Task objective:
Would you reproduce the data below exactly, please, leaving out its images?

Provided material:
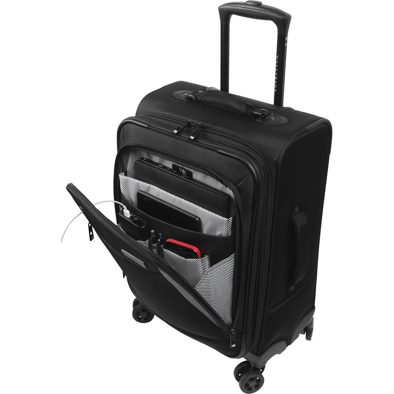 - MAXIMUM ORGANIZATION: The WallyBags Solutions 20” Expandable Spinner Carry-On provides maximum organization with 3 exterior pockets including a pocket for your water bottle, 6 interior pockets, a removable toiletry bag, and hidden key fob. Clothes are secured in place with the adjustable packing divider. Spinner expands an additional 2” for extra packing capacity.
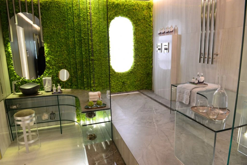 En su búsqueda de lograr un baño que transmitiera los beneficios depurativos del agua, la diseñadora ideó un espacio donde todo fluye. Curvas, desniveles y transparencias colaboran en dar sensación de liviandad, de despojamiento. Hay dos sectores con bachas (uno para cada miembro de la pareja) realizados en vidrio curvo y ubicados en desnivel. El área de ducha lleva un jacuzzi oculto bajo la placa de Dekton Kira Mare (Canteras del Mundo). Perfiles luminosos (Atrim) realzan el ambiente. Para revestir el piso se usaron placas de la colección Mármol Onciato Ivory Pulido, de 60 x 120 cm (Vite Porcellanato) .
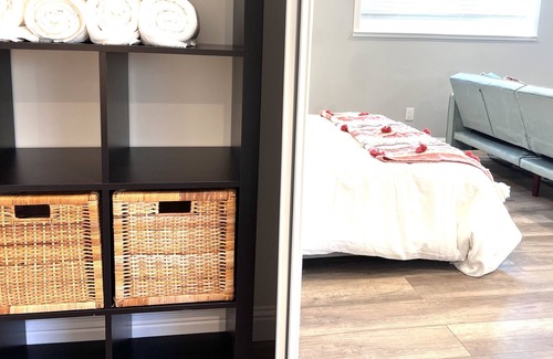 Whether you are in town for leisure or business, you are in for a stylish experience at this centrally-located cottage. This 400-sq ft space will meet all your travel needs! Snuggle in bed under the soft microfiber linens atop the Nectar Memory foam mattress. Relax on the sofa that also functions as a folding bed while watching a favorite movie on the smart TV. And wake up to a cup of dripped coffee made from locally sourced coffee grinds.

Task answer:
 - MAXIMUM ORGANIZATION: The WallyBags Solutions 20” Expandable Spinner Carry-On provides maximum organization with 3 exterior pockets including a pocket for your water bottle, 6 interior pockets, a removable toiletry bag, and hidden key fob. Clothes are secured in place with the adjustable packing divider. Spinner expands an additional 2” for extra packing capacity.
 En su búsqueda de lograr un baño que transmitiera los beneficios depurativos del agua, la diseñadora ideó un espacio donde todo fluye. Curvas, desniveles y transparencias colaboran en dar sensación de liviandad, de despojamiento. Hay dos sectores con bachas (uno para cada miembro de la pareja) realizados en vidrio curvo y ubicados en desnivel. El área de ducha lleva un jacuzzi oculto bajo la placa de Dekton Kira Mare (Canteras del Mundo). Perfiles luminosos (Atrim) realzan el ambiente. Para revestir el piso se usaron placas de la colección Mármol Onciato Ivory Pulido, de 60 x 120 cm (Vite Porcellanato) .
 Whether you are in town for leisure or business, you are in for a stylish experience at this centrally-located cottage. This 400-sq ft space will meet all your travel needs! Snuggle in bed under the soft microfiber linens atop the Nectar Memory foam mattress. Relax on the sofa that also functions as a folding bed while watching a favorite movie on the smart TV. And wake up to a cup of dripped coffee made from locally sourced coffee grinds.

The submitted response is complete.